• _WORK TASK_:
Transcribe, word for word, every line from the one containing "Our beautiful bespoke" through the final line of the records, and omit the pictures.

RECORD EXTRACTS below:

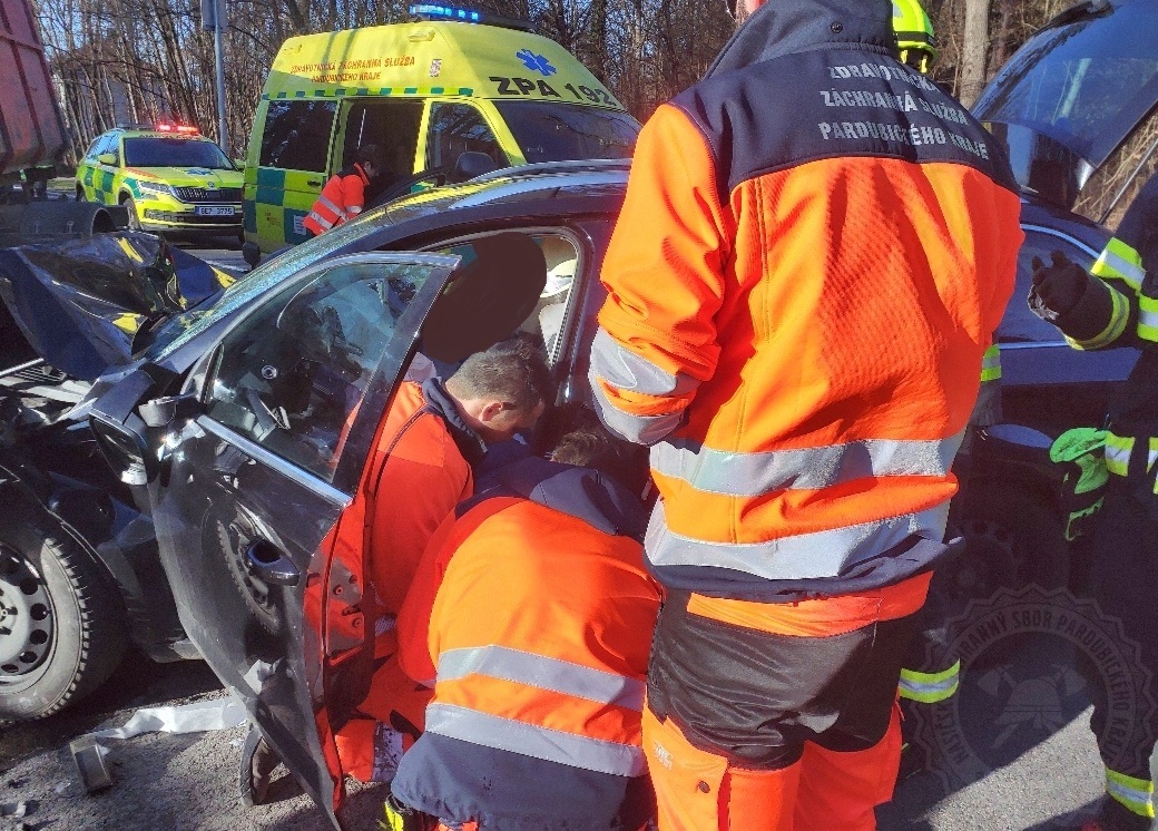 K nehodě osobního a nákladního automobilu vyjížděla ve čtvrtek 5. ledna dopoledne jednotka hasičů z Pardubic. Nehoda se stala na silnici z Pardubic směrem na Přelouč (zhruba v úrovni dostihového závodiště). Hasiči ihned po příjezdu na místo museli z vozu vyprostit zaklíněnou osobu pomocí hydraulického vyprošťovacího zařízení. Zraněný řidič byl ihned předán do péče zdravotníkům.
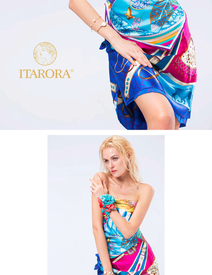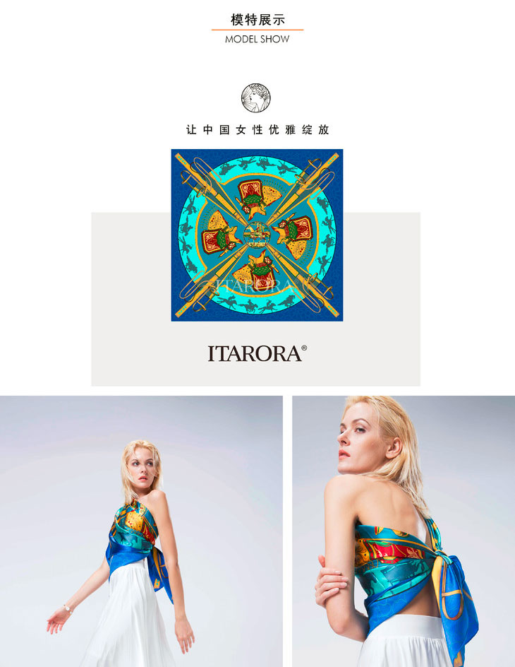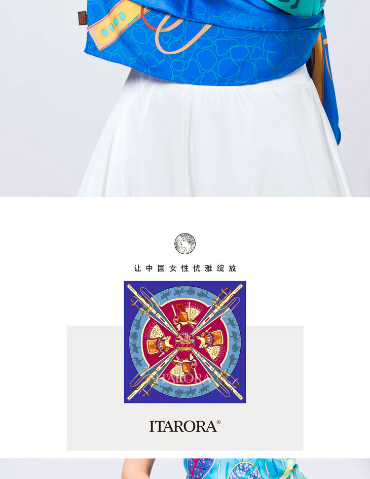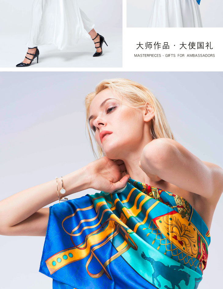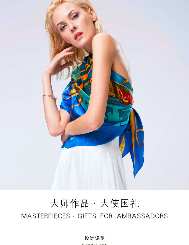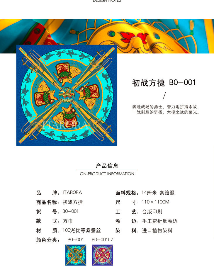 奥罗拉桑蚕丝巾/初战方捷/110*110CM/B0-001/粉·蓝
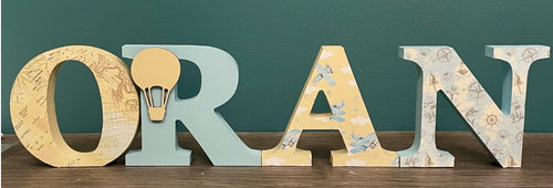 Our beautiful bespoke handmade wooden letters are hand painted and decoupaged.
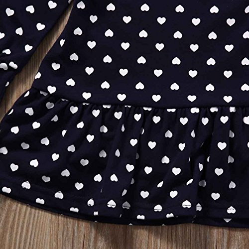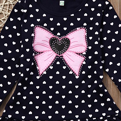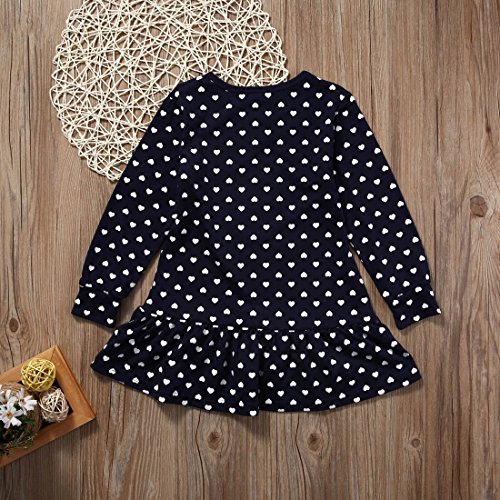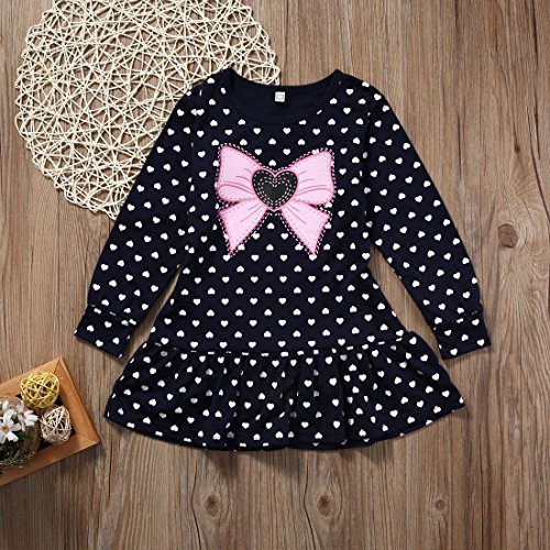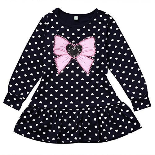 CANIS 子供服 キッズ 女の子 長袖 蝶プリント ドット柄 ワンピース ガールズ スカート 紺色 (3T)
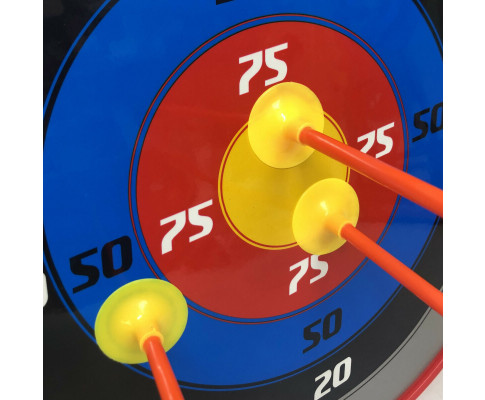 90cm tall standing target, 1 bow, 3 arrows, 1 dart shooter, 6 darts and a quiver carry case.
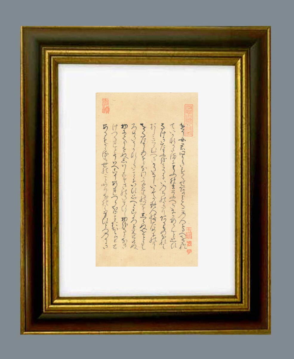 「源氏物語」自筆の大きさ タテ21.8センチ ヨコ12.8センチ。額縁の大きさは タテ37.0センチ ヨコ28.0センチです。額縁は新品です。
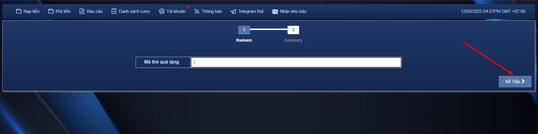 Bước 2: Nhập code nhận thưởng.
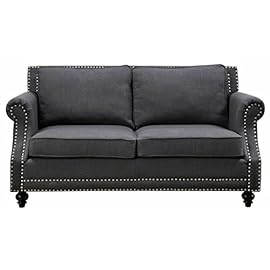 Tov Furniture The Camden Collection Contemporary Linen Upholstered Living Room Sofa with Nailhead Trim, Grey
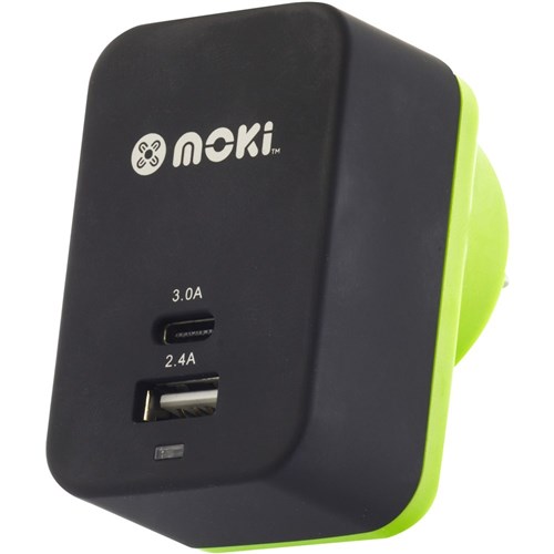 MOKI WALL CHARGER PLUS (Type-C + USB) 3.0 RapidCharge Black
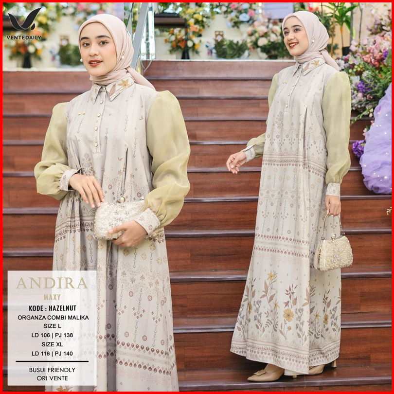 Kun Hijab Andira Maxy Dress Kondangan Kekinian Terbaru Bahan Organza Mix Malika Ld 106 116 Ventedaily

End of RECORD EXTRACTS.

• _REPLY_:
 Our beautiful bespoke handmade wooden letters are hand painted and decoupaged.
 CANIS 子供服 キッズ 女の子 長袖 蝶プリント ドット柄 ワンピース ガールズ スカート 紺色 (3T)
 90cm tall standing target, 1 bow, 3 arrows, 1 dart shooter, 6 darts and a quiver carry case.
 「源氏物語」自筆の大きさ タテ21.8センチ ヨコ12.8センチ。額縁の大きさは タテ37.0センチ ヨコ28.0センチです。額縁は新品です。
 Bước 2: Nhập code nhận thưởng.
 Tov Furniture The Camden Collection Contemporary Linen Upholstered Living Room Sofa with Nailhead Trim, Grey
 MOKI WALL CHARGER PLUS (Type-C + USB) 3.0 RapidCharge Black
 Kun Hijab Andira Maxy Dress Kondangan Kekinian Terbaru Bahan Organza Mix Malika Ld 106 116 Ventedaily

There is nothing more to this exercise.